Балбинский махнул рукой и замигал глазами.
— Мне теперь всё равно… — проворчал он, — хоть на тендере ехать. Гляжу, гляжу да, кажется, кончу тем, что с собой порешу… под поезд брошусь… Вы не можете себе, голубчик, представить, до чего заездила меня моя благоверная! То есть так заездила, что удивительно, как я еще жив до сих пор. Боже мой! Погода великолепная… воздух этот… ширь, природа… все условия для безмятежного жития. Одна мысль, что за границу едем, должна была бы, кажется, приводить в телячий восторг… Так нет! Нужно было злому року навязать мне на шею это сокровище! И ведь какая насмешка судьбы! Нарочно, чтоб избавиться от супруги, придумал я болезнь печенок… за границу хотел удрать… Всю зиму о свободе мечтал и во сне и наяву себя одиноким видел. И что же? Навязалась со мной ехать! Уж я и так и этак — ничего! "Поеду да поеду", хоть ты тресни! Ну, вот, поехали… Предлагаю ехать во II классе… Ни за что! Как это, мол, можно так тратиться? Я ей все резоны представляю… Говорю, что и деньги у нас есть, и престиж наш падет, ежели мы будем в III классе ездить, что и душно, и вонь… не слушает!

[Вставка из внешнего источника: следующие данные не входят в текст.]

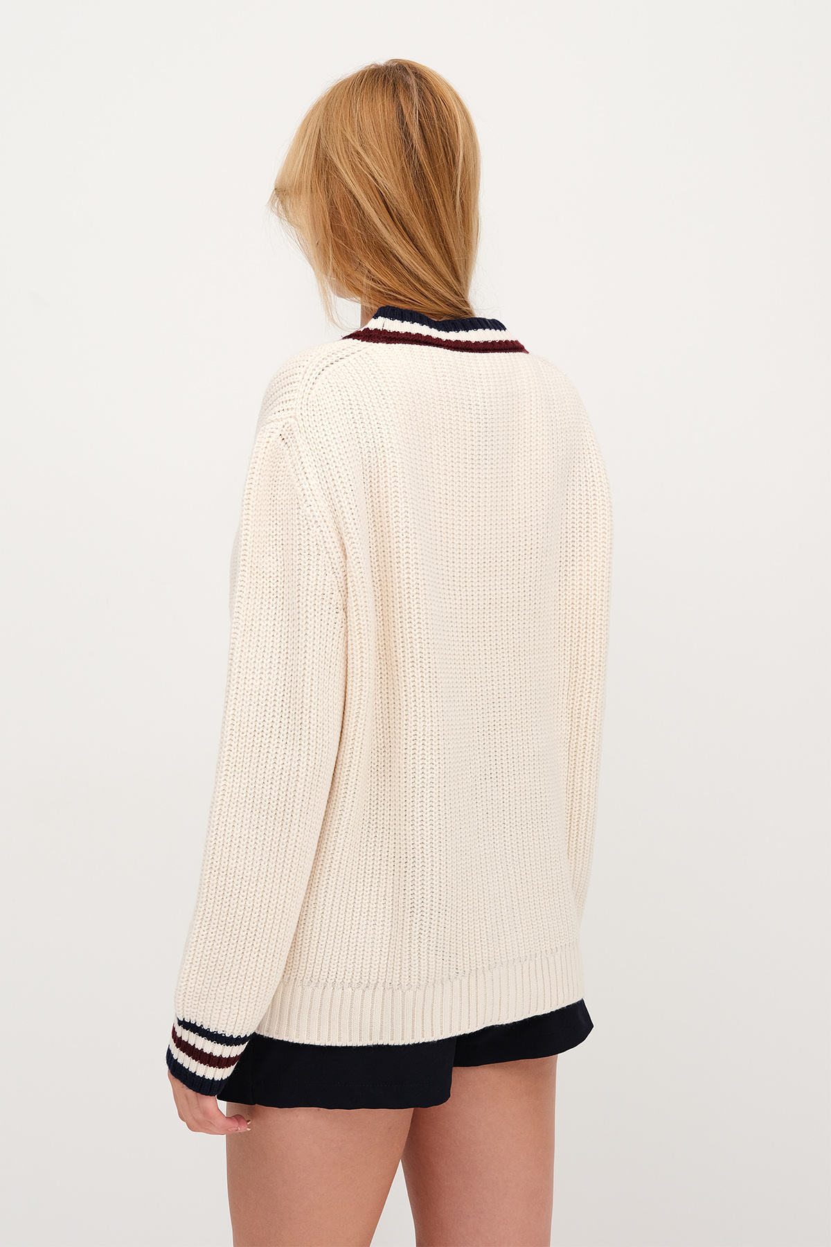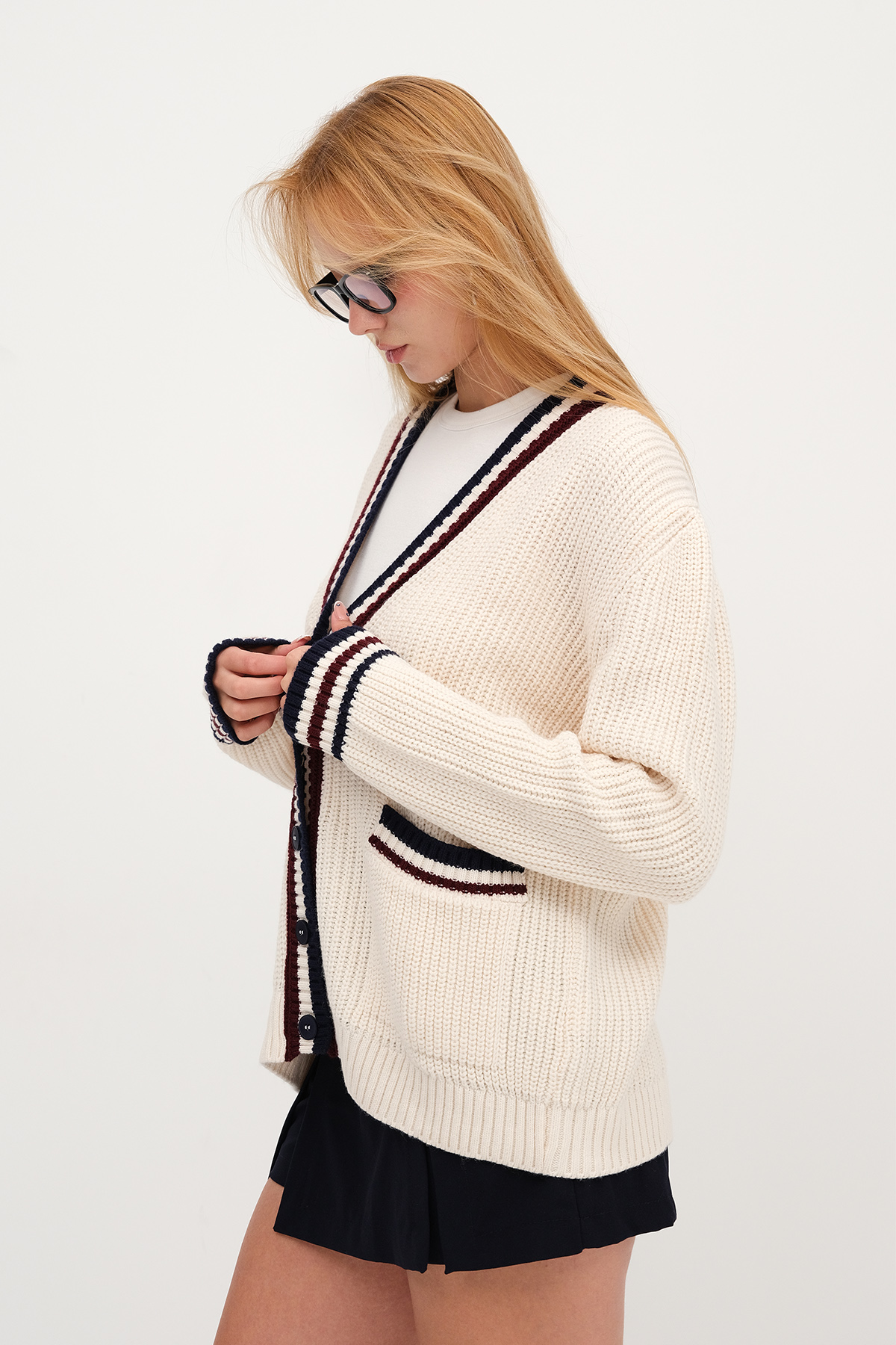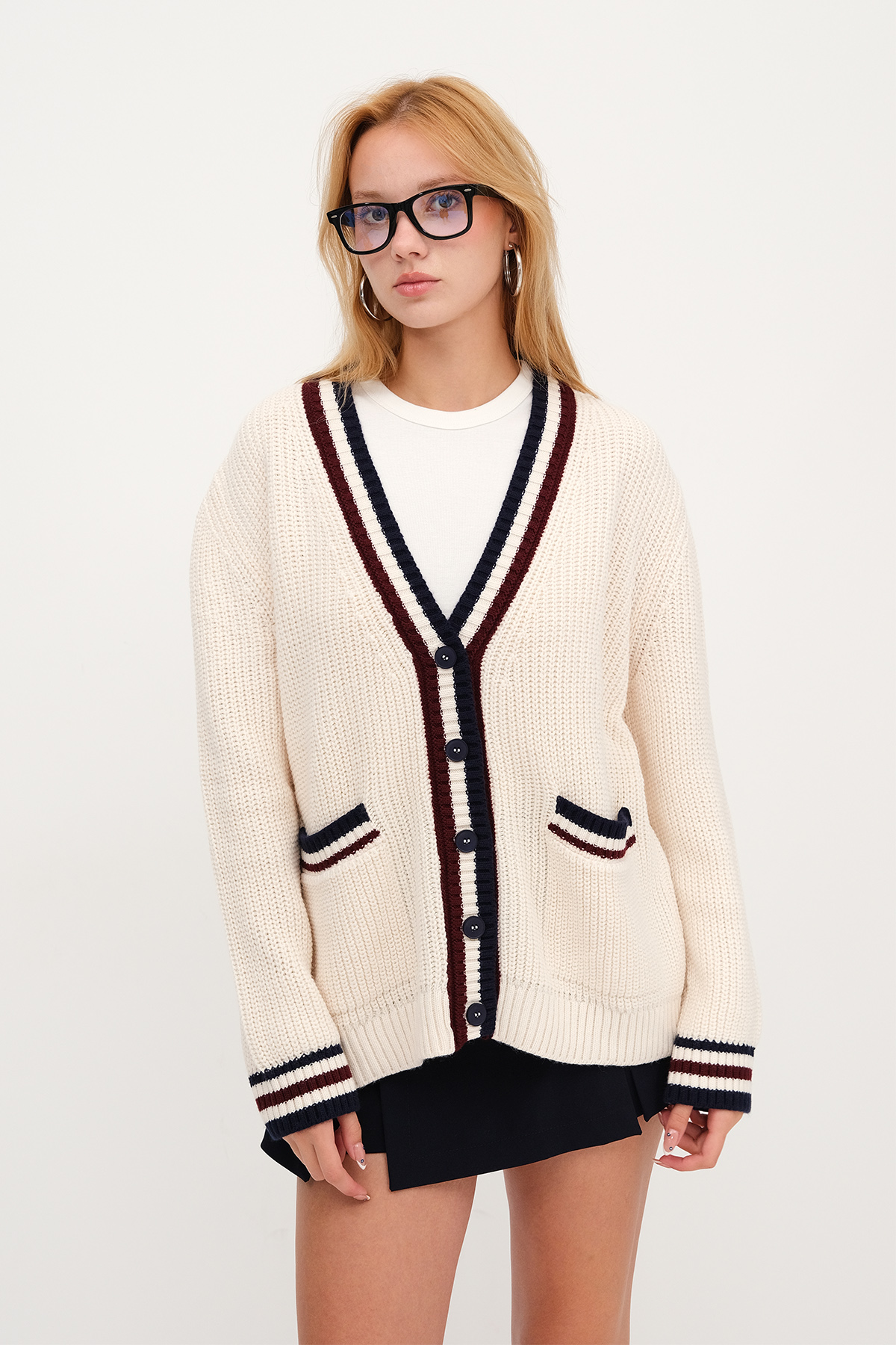 * V yaka, uzun kollu, düğmeli, düşük omuz, çift cepli,
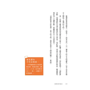 歷史故事要迷人,須有幾個特色,包括主軸明確、情節曲折、篇幅精簡、措辭淺白、結局有趣、與時局呼應、與日常連結等。歷史課本很難具備這些特色,卻是造就像本書這樣迷人歷史書的機緣。提醒大家,歷史課本還有好多句話……
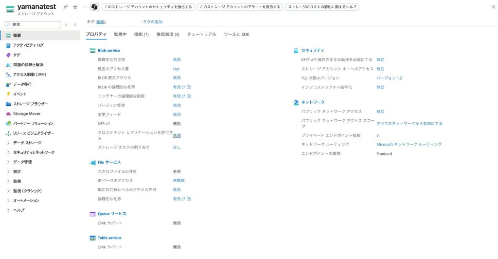 - 推奨: 「BLOB の匿名アクセスを許可する」もオフに設定
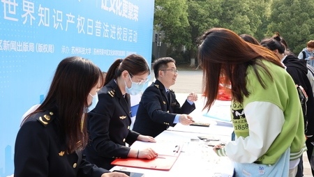 在活動(dòng)現(xiàn)場(chǎng),吳中區(qū)文化市場(chǎng)綜合執(zhí)法大隊(duì)設(shè)置了版權(quán)保護(hù)咨詢臺(tái),由執(zhí)法隊(duì)員解釋“什么是版權(quán)登記”、“版權(quán)登記怎么做”,通過(guò)發(fā)放宣傳手冊(cè)、以案釋法和有獎(jiǎng)問(wèn)答等方式,引導(dǎo)大家積極參與版權(quán)保護(hù)活動(dòng)。本次活動(dòng),有效激勵(lì)了知識(shí)產(chǎn)權(quán)的創(chuàng)新創(chuàng)造與運(yùn)用,增強(qiáng)了廣大師生知識(shí)產(chǎn)權(quán)保護(hù)意識(shí),為加強(qiáng)版權(quán)保護(hù)營(yíng)造良好氛圍。
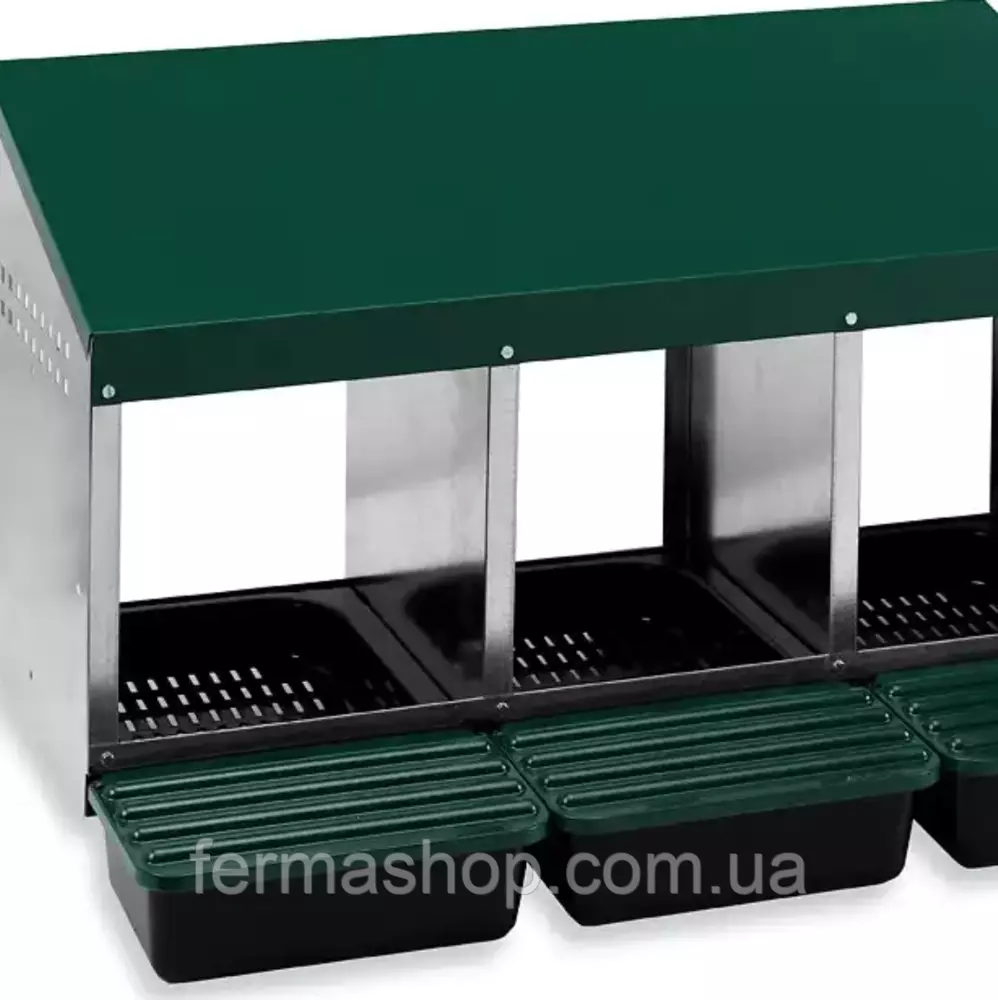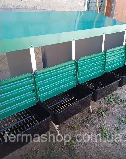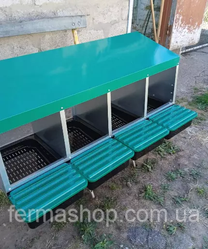 Изготовлено из оцинкованной стали и качественного пластика.Яйца скатываются в отдельный яйцесборник, которые имеют отверстия для вентиляции.
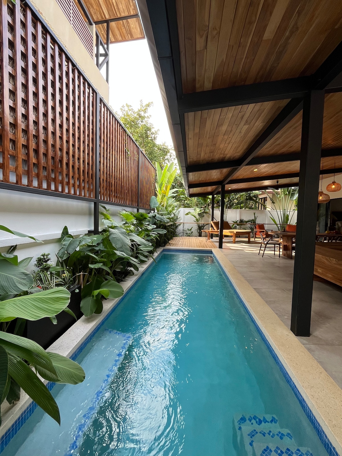 Staying at Casa Celeste feels like you are spending your days in your own beach front private nature park. A natural corridor for many of Costa Rica’s wildlife. Listening to the sounds of the waves all day is a truly amazing experience. Enjoy your private pool, outdoor bathtub & shower, BBQ, yoga deck, hammocks, outdoor seating & entertaining area. Ocean facing open modern living concept. Daily housekeeping & personal concierge services provided. We are approximate 1100 meters from Santa Teresa
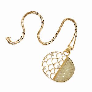 in oro bicolore 18k, Peso g 67,55 cm 7,40x6,20-37,70 di forma ovale con motivo orientale traforato in giadeite, [..]
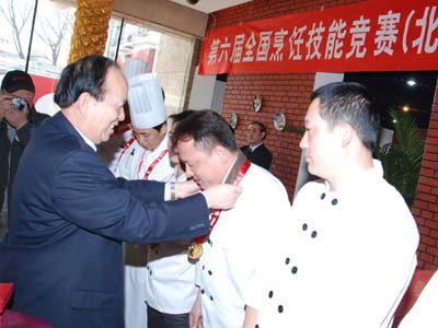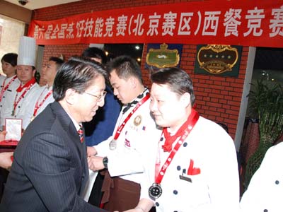 中国烹饪协会边疆副秘书长给银牌获得者颁奖
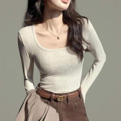 [미라클세븐]여성 기본컬러 골지 유넥 긴팔 티셔츠
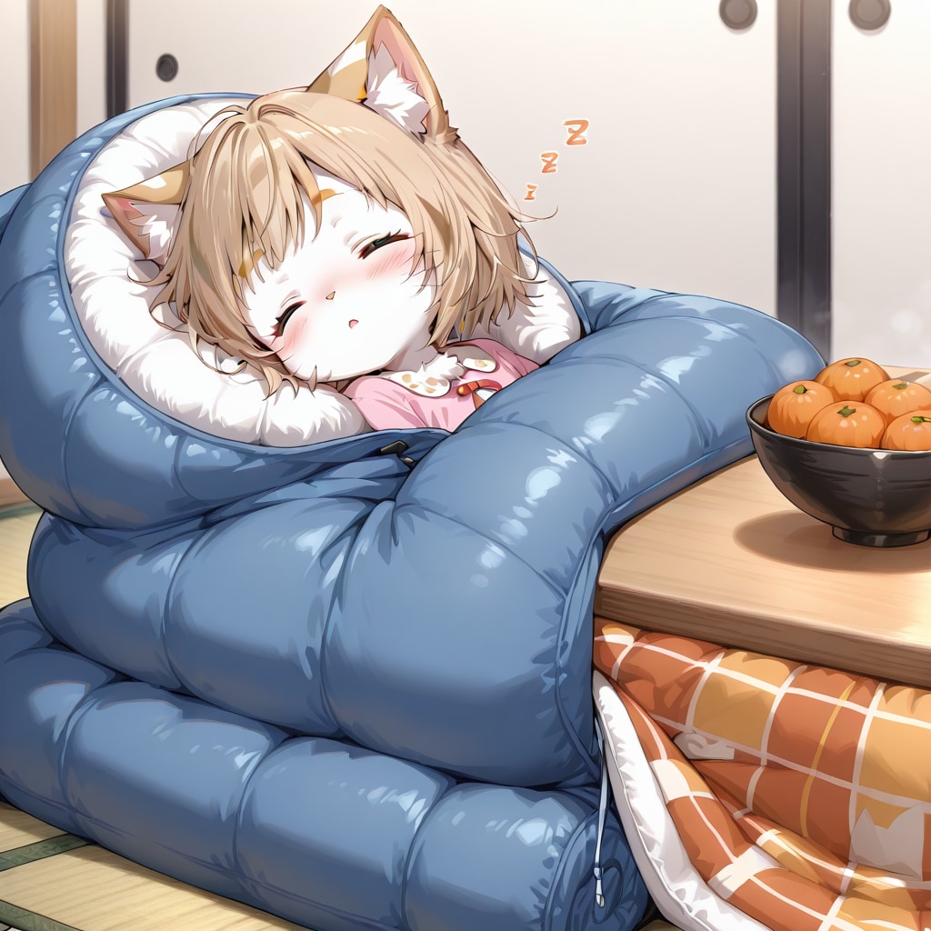 猫娘ちゃんと寝袋型こたつ布団w

Бес экономии обуял… Теперь хоть этот багаж взять… Ну для чего мы такую массу с собой тащим? Для чего все эти узелки, картонки, сундучки и прочая дрянь? Мало того, что в багажный вагон десять пудов сдали, мы еще в нашем вагоне четыре скамьи заняли. Кондуктора то и дело просят расчистить место для публики, пассажиры сердятся, она с ними в пререкания вступает… Совестно! Верите ли? В огне горю! А отойти от нее — сохрани бог! Ни на шаг от себя не отпускает. Сиди около нее и на коленях громадную корзину держи. Сейчас вот за горячей водой послала. Ну, прилично ли прокурору суда с медным чайником ходить? Ведь тут в поезде, небось, свидетели и подсудимые мои едут! Пропал к чёрту престиж! А это, батенька, впредь мне наука! Чтоб знал, что значит личная свобода! Иной раз увлечешься и, знаете ли, ни за что ни про что человечину под стражу упечешь. Ну, теперь я понимаю… проникся… Понимаю, что значит быть под стражей! Ох, как понимаю!